The construction of the low-dimensional gene expression space employed a segmentation-free de novo approach akin to the SSAM algorithm. A vector field of the gene expression space was established through Gaussian kernel density estimation (KDE) on the mRNA spot signals, using a resolution of 2.5 pixels μm^–1 and a bandwidth of 2.5 μm. Local maximum locations of the vector field norm were identified and used as sampling locations to construct a gene-expression-by-local-maximum matrix from the vector field. This matrix was subjected to PCA, retaining the first n principal components explaining over 80% of the total variance. The resulting low-dimensional gene expression space was utilized to create two vector fields for the gene expression space, maintaining the previously mentioned parameters. The division into top and bottom halves of the tissue slice was achieved by binning molecules into a 2-μm grid in the x and y directions.
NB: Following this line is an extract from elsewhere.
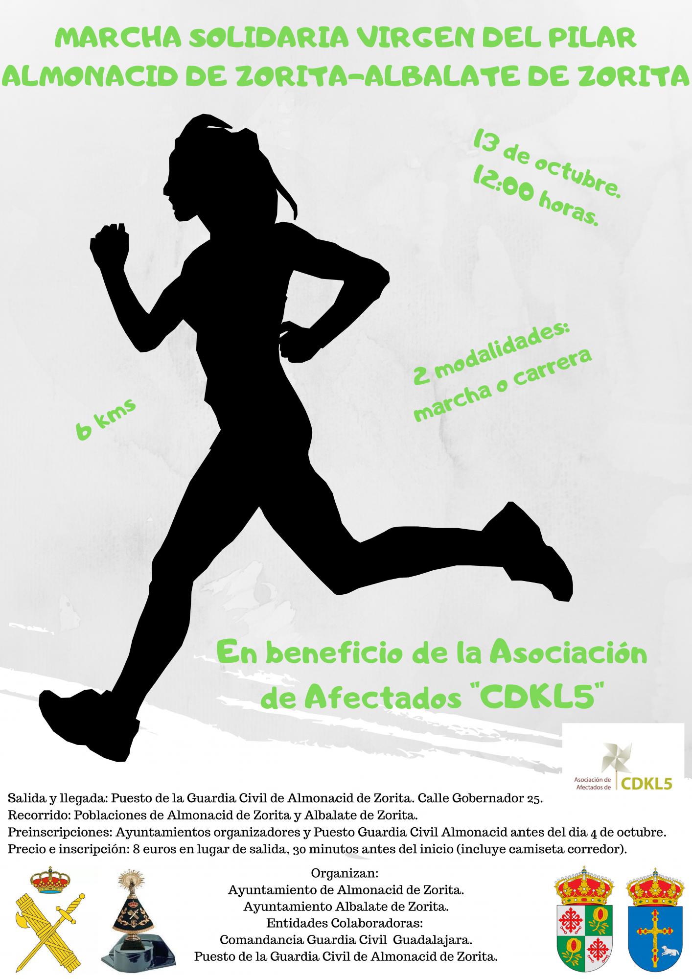 La Marcha Solidaria Virgen del Pilar, en beneficio de la Asociación de afectados por el trastorno genético “CDKL5”, está organizada por los ayuntamientos de Almonacid de Zorita y Albalate de Zorita, que pretenden sensibilizar a sus vecinos sobre la importancia de esta patología y reclamar que se destinen más fondos económicos para su investigación y tratamiento. En la carrera participan también como entidades colaboradoras la Comandancia de la Guardia Civil de Guadalajara y el Puesto de la Guardia Civil de Almonacid.
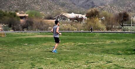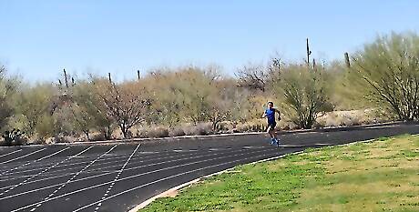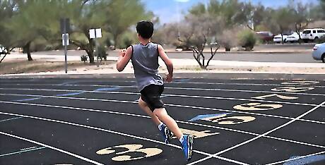 Increase your total fitness during the early summer. The anaerobic system can reach 95% of its potential training for six weeks. Therefore, the only training that should be done in the summer should focus on aerobic conditioning and strength training. This can either be a cross country training program, or can be something consisting of the following: One long run per week to build up oxidative enzymes (up to 15 miles (24 km), but no more than 1/4 of weekly mileage), two days of hill sprints including form drills (lead-yard bounding is recommended, see images and search for Lydiard foundation), two days of lifting, and just plenty of mileage until you are up to at least 30 miles (48 km) per week. Mileage is very important to most 800 runners. While elite sprint types can normally get away with 30-40 mpw, most elite 800 runners need to build base at 50 mpw up to 70-80 to maximize fitness and to consolidate aerobic gains. Note: Unless you have hit a mileage before, do not increase more than 10% or 3 miles (4.8 km) in a given week. For example, for someone running 60 mpw, mileage by week coming off of a break would be 20, 25, 30, 35, 40, 35, 45, 50, 53, 55, 50, 55, 58, 60. Note that as the mileage increases to near maximum, the increase in mileage per week slows and lower mileage weeks are built in for recovery. Most 800 runners have a need to taper mileage every third week by ~20-30% (i.e. w1=60, w2=60, w3=45, w4=60...) in order to prevent physical and mental burnout. Build this into your schedule!

The center of gravity of molecules in the z-direction (mean of z-coordinate values) determines the assignment of molecules to the ‘top’ or ‘bottom’ halves. A KDE was then applied to both halves, with parameters consistent with those previously mentioned. Subsequently, the resulting vector fields underwent transformation into latent space using the PCA model. The cosine similarity between the two latent space vector fields served as a metric for assessing z-axis incoherence. Analogous to the SSAM algorithm, vector field regions with a total expression norm below 5 were considered low-confidence and were excluded from subsequent analyses.

Visualization of the incoherence maps employed the heatmap visualization function from Matplotlib, wherein color values represented signal coherence, and alpha values denoted local molecular density (measured by vector field norm). Regions classified as low-confidence were excluded from the visual representation.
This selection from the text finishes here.